The chief of the vegetal organs of the human frame, to the evolution of which we now turn our attention, is the alimentary canal. The gut is the oldest of all the organs of the metazoic body, and it leads us back to the earliest age of the formation of organs--to the first section of the Laurentian period. As we have already seen, the result of the first division of labour among the homogeneous cells of the earliest multicellular animal body was the formation of an alimentary cavity. The first duty and first need of every organism is self-preservation. This is met by the functions of the nutrition and the covering of the body. When, therefore, in the primitive globular Blastaea the homogeneous cells began to effect a division of labour, they had first to meet this twofold need. One half were converted into alimentary cells and enclosed a digestive cavity, the gut. The other half became covering cells, and formed an envelope round the alimentary tube and the whole body. Thus arose the primary germinal layers--the inner, alimentary, or vegetal layer, and the outer, covering, or animal layer. (Cf. Chapter 2.19.)

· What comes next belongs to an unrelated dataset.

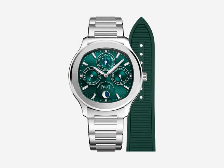 Элегантные и сексуальные часы Piaget Polo Perpetual Calendar Ultra-Thin — это часы, которые кричат о высокой моде. Это смелый новый взгляд на культовую коллекцию Polo. Эта красавица — первые механические часы с вечным календарем в линейке, и они произвели фурор. Эти часы с зеленым циферблатом в корпусе из нержавеющей стали диаметром 42 мм производят яркое первое впечатление. Насыщенный зеленый цвет циферблата сочетается только с прилагаемым сменным резиновым ремешком, который дополняет образ. Внутри Polo Perpetual Calendar Ultra-Thin — настоящее произведение современного искусства. Часы оснащены ультратонким автоматическим механическим механизмом Manufacture Piaget 1255P с вечным календарем, часовым и минутным индикаторами, а также индикатором фаз Луны. Просто потрясающе.
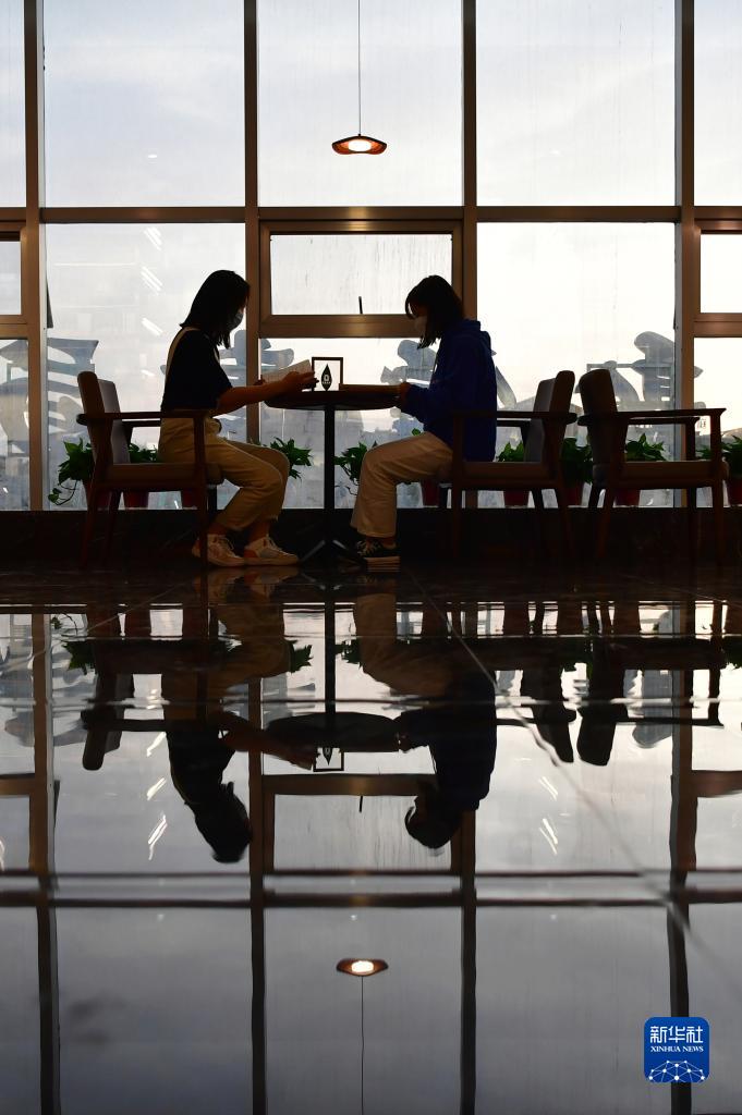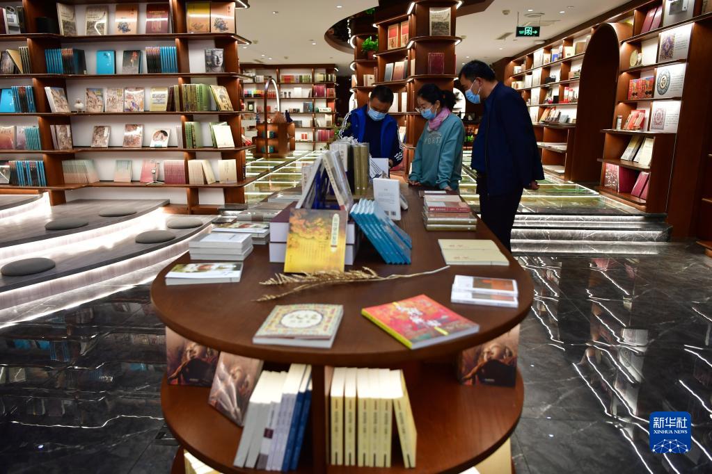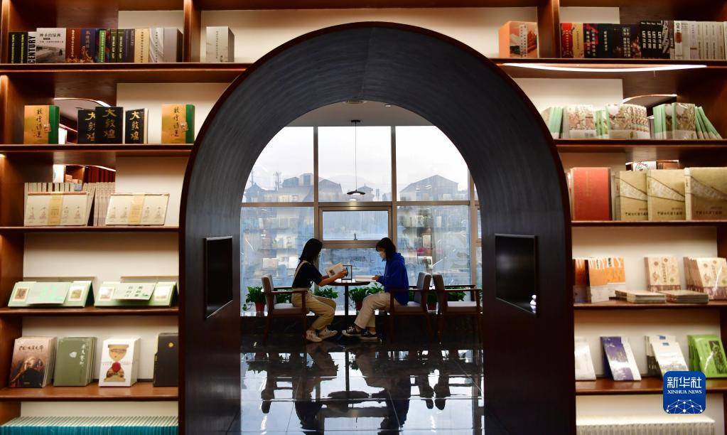 讀者在敦煌書局閱讀區(qū)看書(4月21日攝)。新華社記者 杜哲宇 攝

When we try to construct an animal frame of the simplest conceivable type, that has some such primitive alimentary canal and the two primary layers constituting its wall, we inevitably come to the very remarkable embryonic form of the gastrula, which we have found with extraordinary persistence throughout the whole range of animals, with the exception of the unicellulars--in the Sponges, Cnidaria, Platodes, Vermalia, Molluscs, Articulates, Echinoderms, Tunicates, and Vertebrates. In all these stems the gastrula recurs in the same very simple form. It is certainly a remarkable fact that the gastrula is found in various animals as a larva-stage in their individual development, and that this gastrula, though much disguised by cenogenetic modifications, has everywhere essentially the same palingenetic structure (Figures 1.30 to 1.35). The elaborate alimentary canal of the higher animals develops ontogenetically from the same simple primitive gut of the gastrula.

This gastraea theory is now accepted by nearly all zoologists. It was first supported and partly modified by Professor Ray-Lankester; he proposed three years afterwards (in his essay on the development of the Molluscs, 1875) to give the name of archenteron to the primitive gut and blastoporus to the primitive mouth.